### Exercise brief
Copy out the data below as written; omit any images.

##############################

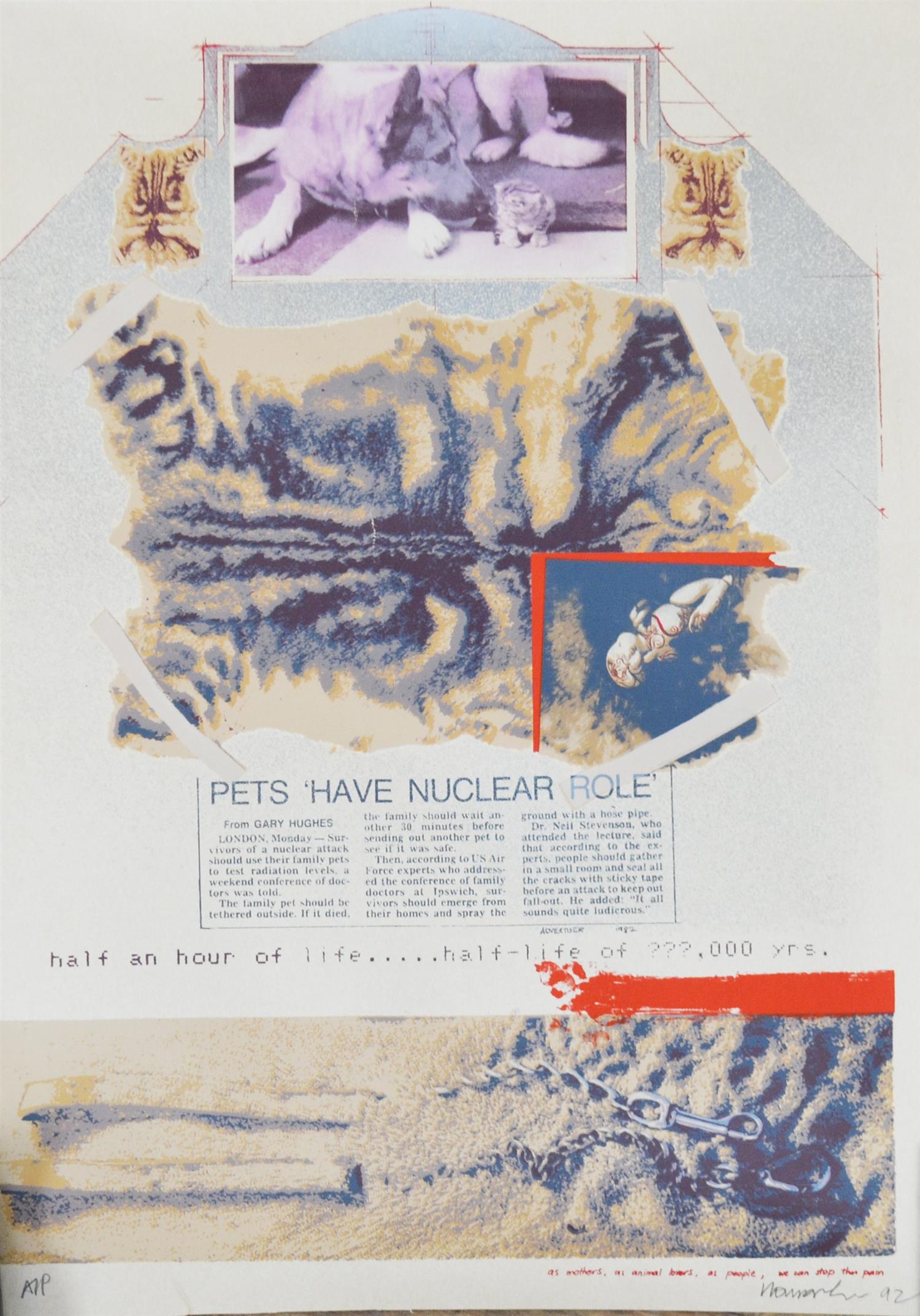 ANN NEWMARCH, AS MOTHERS, AS ANIMAL LOVERS, AS PEOPLE, WE CAN STOP THE PAIN 1992, SCREENPRINT A/P, 74 X 53CM
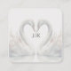 Swans adorn the front and back of these wedding RSVP enclosure cards offering a romantic aesthetic. Featuring soft shades of white and dark silver colours. Just add your wedding event details. You can also use the QR code for your RSVP, website, wedding registry, and more. Great for special occasions. Use the template to create your own romantic swan wedding QR code RSVP enclosure card.
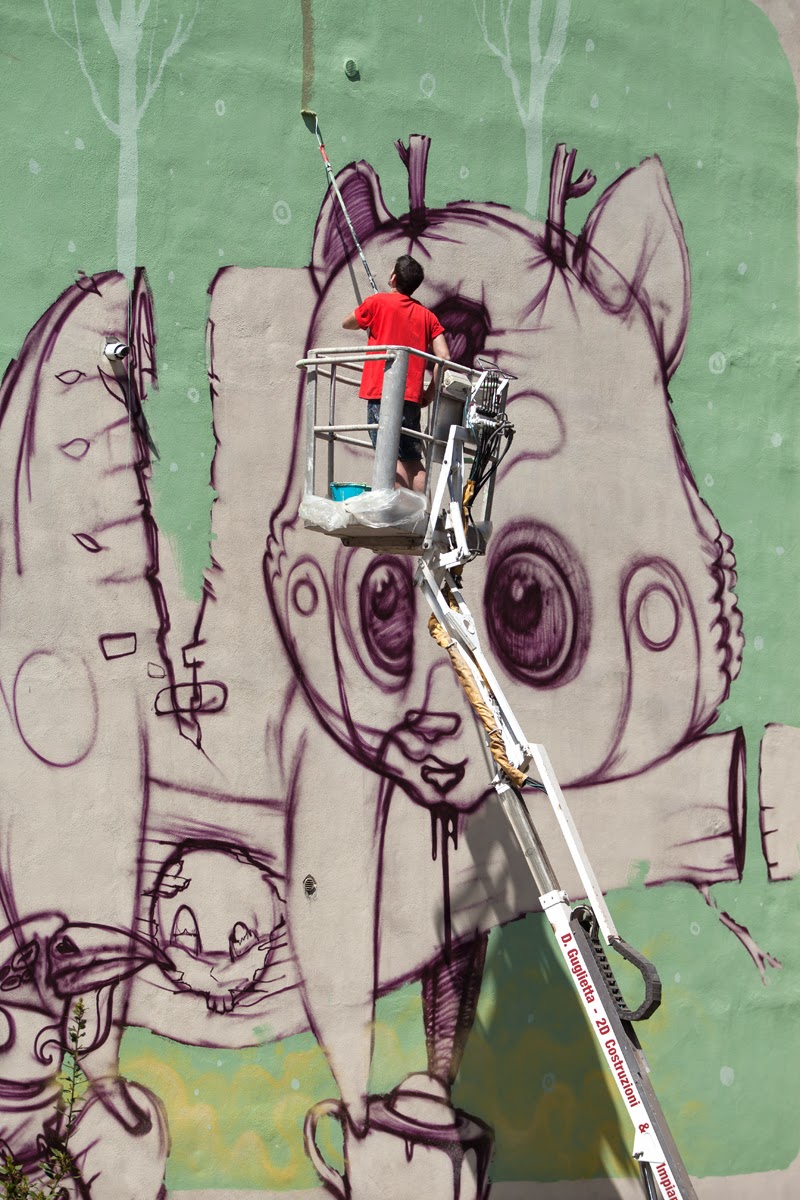 Painting in the district of Tor Pignattara, the Spanish artist brought to life some of his signature imagery for the locals to enjoy. The result is a super cute creature hanging on a brand with his bird buddy.
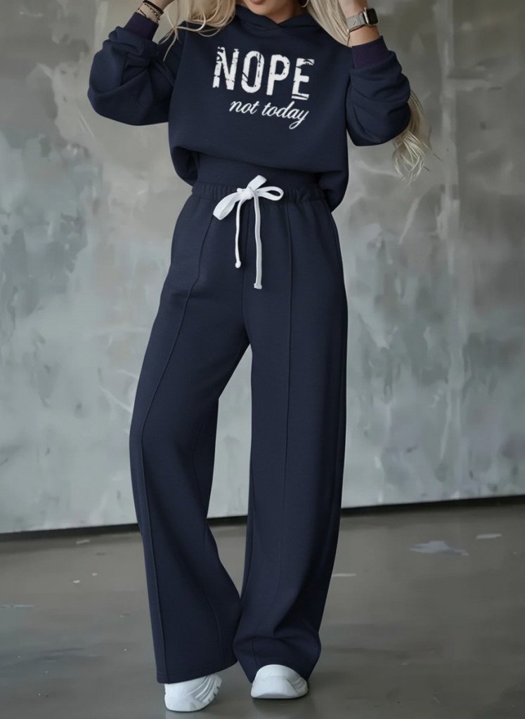 Kadın Uzun Kollu Nope Baskılı Beli Ribanalı Ikili Takım
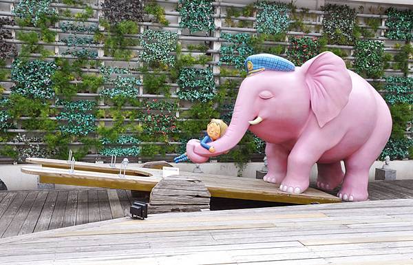 幾米的裝飾藝術陳設在中庭處,一旁的植生牆傳達一種溫馨舒適的感覺。
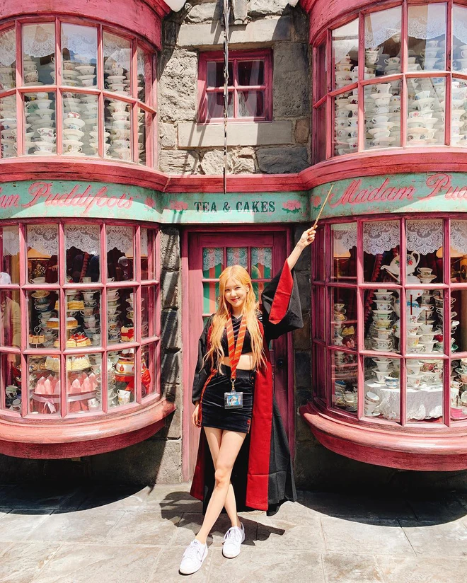 Đã thế dạo gần đây Black Pink còn đang được vi vu đi tour bên trời Mỹ nên các cô gái ăn vận ai nấy cũng đều sexy hết cỡ, khoe dáng triệt để. Nhưng không ai ngờ được rằng, Rosé khoác áo choàng phù thuỷ Harry Potter để cosplay đi chơi với hội chị em Lisa, Jisoo thôi mà cũng sexy đến vậy.
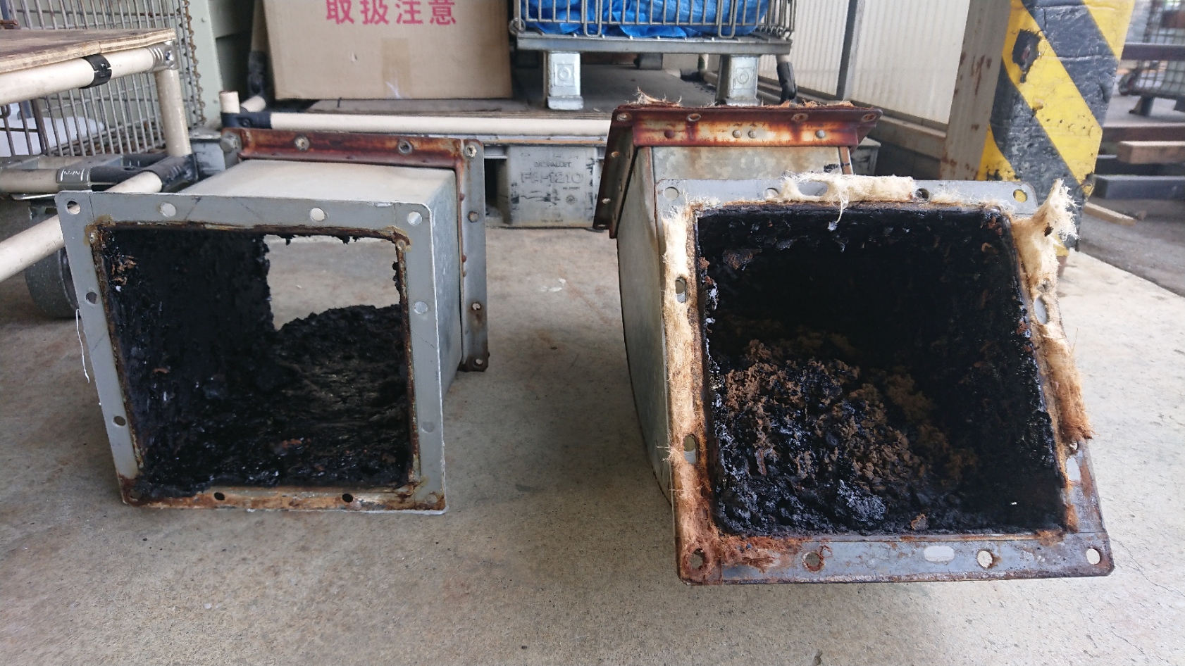 乾燥炉に排気が逆流してくる症状が出ており、排気ダクトが詰まっているのが濃厚でしたので今回排気ダクトを全て交換することとなりました。既設ダクトと外してみると添付写真のようにダクト内部がこのような状態となっておりました。交換後は問題なく排気がされております。
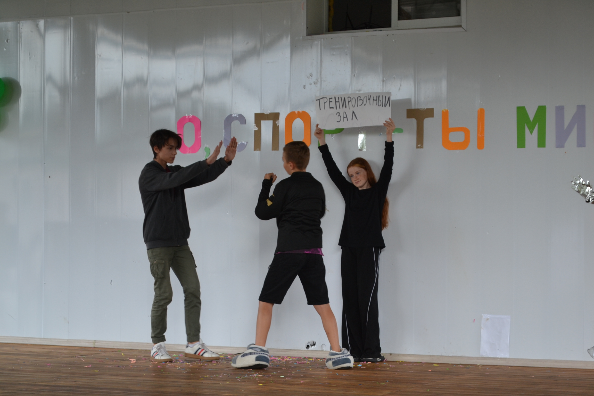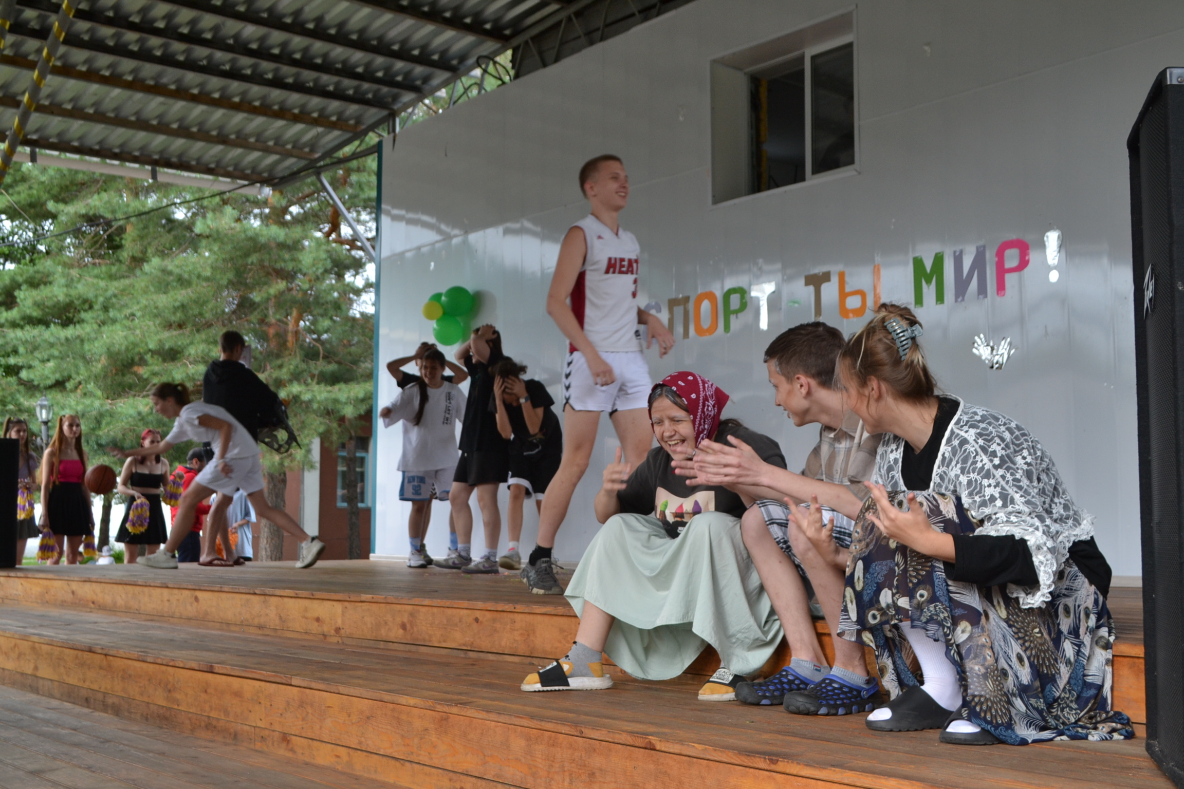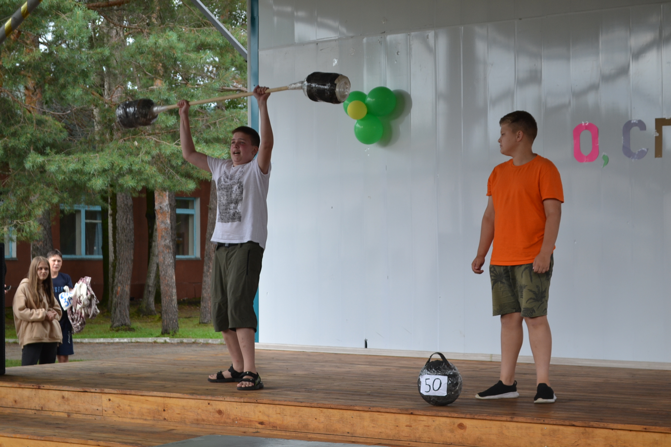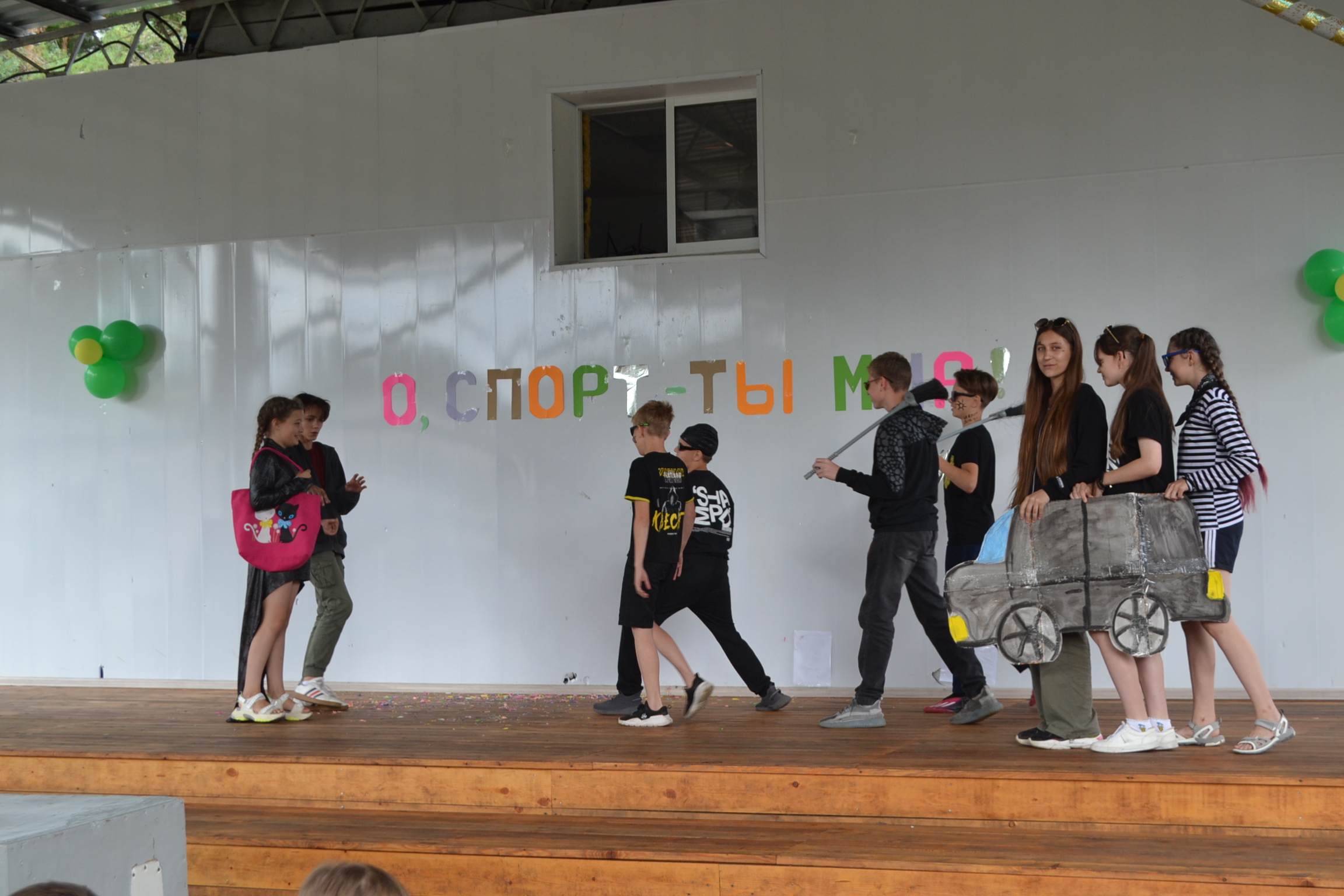 На лагерной сцене обыгрывались различные шуточные ситуации, через которые детям показывали, что бывает с людьми, которые не уделяют внимание себе, через развитие своего тела. Ведь те кто избегает физического развития слабы, не выносливы, пасуют перед простейшими препятствиями. А физическая культура помогает преодолевать не только себя, но и подготавливает к встрече с трудностями в жизни, которые удаётся преодолевать значительно более легче, а порой и совсем не заметно.

##############################

### Response to the task
 ANN NEWMARCH, AS MOTHERS, AS ANIMAL LOVERS, AS PEOPLE, WE CAN STOP THE PAIN 1992, SCREENPRINT A/P, 74 X 53CM
 Swans adorn the front and back of these wedding RSVP enclosure cards offering a romantic aesthetic. Featuring soft shades of white and dark silver colours. Just add your wedding event details. You can also use the QR code for your RSVP, website, wedding registry, and more. Great for special occasions. Use the template to create your own romantic swan wedding QR code RSVP enclosure card.
 Painting in the district of Tor Pignattara, the Spanish artist brought to life some of his signature imagery for the locals to enjoy. The result is a super cute creature hanging on a brand with his bird buddy.
 Kadın Uzun Kollu Nope Baskılı Beli Ribanalı Ikili Takım
 幾米的裝飾藝術陳設在中庭處,一旁的植生牆傳達一種溫馨舒適的感覺。
 Đã thế dạo gần đây Black Pink còn đang được vi vu đi tour bên trời Mỹ nên các cô gái ăn vận ai nấy cũng đều sexy hết cỡ, khoe dáng triệt để. Nhưng không ai ngờ được rằng, Rosé khoác áo choàng phù thuỷ Harry Potter để cosplay đi chơi với hội chị em Lisa, Jisoo thôi mà cũng sexy đến vậy.
 乾燥炉に排気が逆流してくる症状が出ており、排気ダクトが詰まっているのが濃厚でしたので今回排気ダクトを全て交換することとなりました。既設ダクトと外してみると添付写真のようにダクト内部がこのような状態となっておりました。交換後は問題なく排気がされております。
 На лагерной сцене обыгрывались различные шуточные ситуации, через которые детям показывали, что бывает с людьми, которые не уделяют внимание себе, через развитие своего тела. Ведь те кто избегает физического развития слабы, не выносливы, пасуют перед простейшими препятствиями. А физическая культура помогает преодолевать не только себя, но и подготавливает к встрече с трудностями в жизни, которые удаётся преодолевать значительно более легче, а порой и совсем не заметно.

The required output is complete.